Mancavano pochi giorni al Natale, e fuori la neve silenziava ogni cosa, trasformando il mondo in un'immensa coperta di morbido e soffice cotone bianco. Luce, come spesso accadeva, si annoiava in classe e faticava a seguire i discorsi che gli adulti sostenevano, per spiegare questo o quell’argomento in modo dettagliato ed il più possibile oggettivo. Trovava molto più interessanti le immagini e i mondi che si creavano nella sua mente. Quel giorno, il suo sguardo correva frequentemente alla finestra e il cuore desiderava giochi di palle lanciate e pupazzi rotondi, mentre la voce della maestra faceva da sottofondo confuso e monotono alle sue fantasie.
Rachele, con parole complicate e l'aiuto di un libro illustrato, cercava di catturare l’attenzione della classe. Raccontava, tra sputi volanti e senza controllo e facce buffe, come si era generato il sistema solare e ciascuno dei suoi pianeti.
L’insegnante spiegava, con fastidiosa insistenza, come la Terra si fosse generata circa dieci miliardi di anni dopo il Big Bang, come fosse stato tutto un gioco di raffreddamento e meteoriti a creare i continenti e gli oceani e, una serie di reazioni chimiche a creare poi i primi essere viventi molecolari.

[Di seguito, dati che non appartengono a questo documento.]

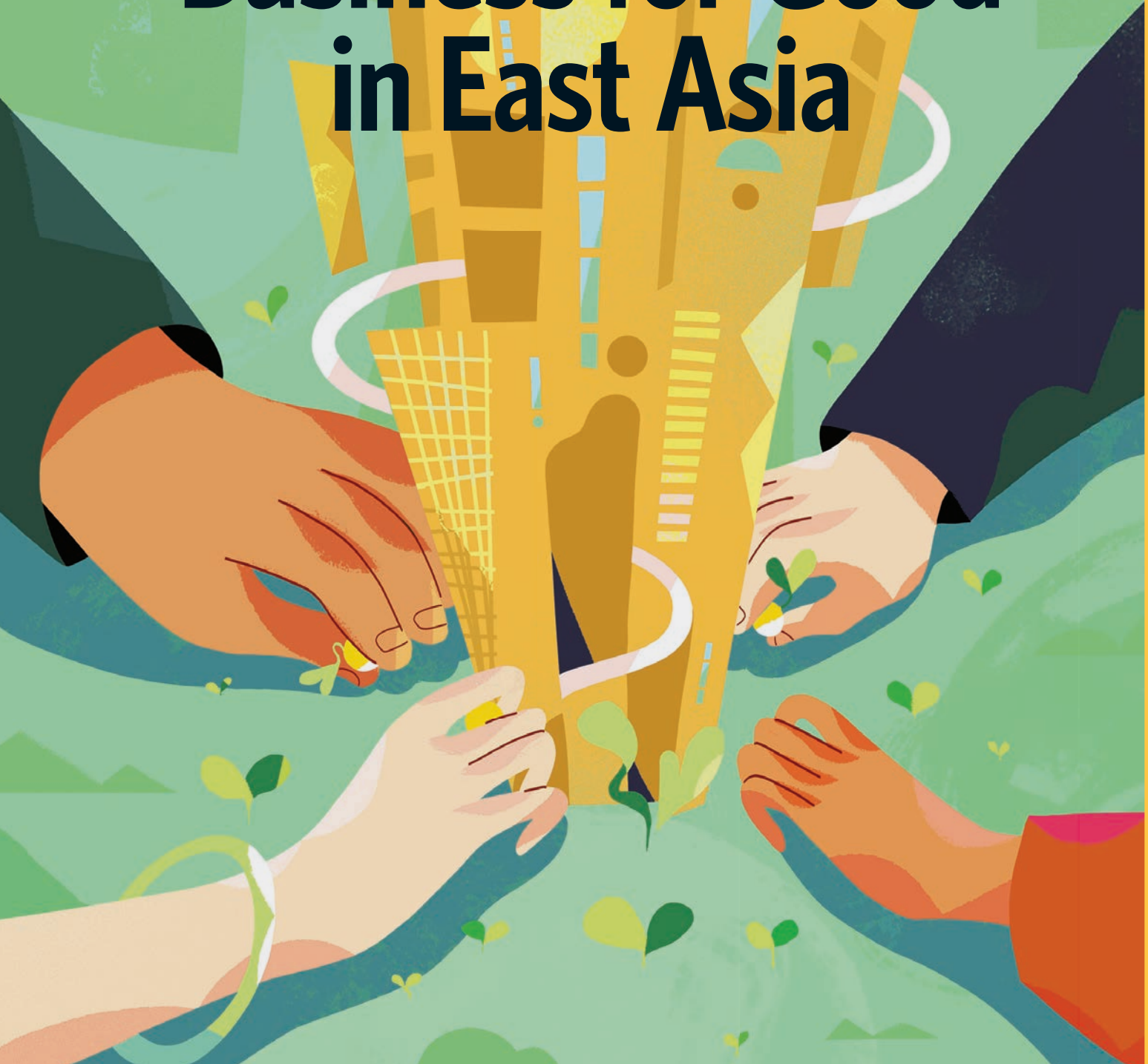
ILLUSTRATION BY KIMBERLY SALT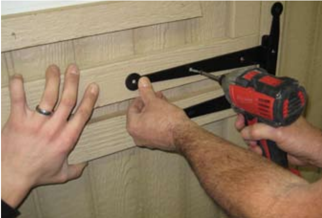
91. Secure with 2 1/2" black headed screws.

Eppure a Luce, che distrattamente ascoltava, con lo sguardo a tratti perso nel vuoto, qualcosa stonava, come il richiamo lontano di un eco che ritornava distorto e mutato. Un'insidiosa vocina interiore prese a gridarle nella testa, insinuandole il dubbio che la storia, che affannosamente la maestra illustrava, non fosse completa. Un tassello importante mancava, dimenticato oltre il tempo e lo spazio. Ciò che poteva rispondere alla domanda essenziale che compariva di continuo nella sua mente: – perché? -. Il “perché” alla base di ogni realtà conosciuta. Così quasi involontariamente, non riuscendo a liberarsi di quel fastidioso ronzare tra le sue orecchie, iniziò a cercare la risposta, l’esistenza di quel piccolo pezzo di puzzle mancante, tassello gelosamente custodito dal popolo invisibile, ne era certa.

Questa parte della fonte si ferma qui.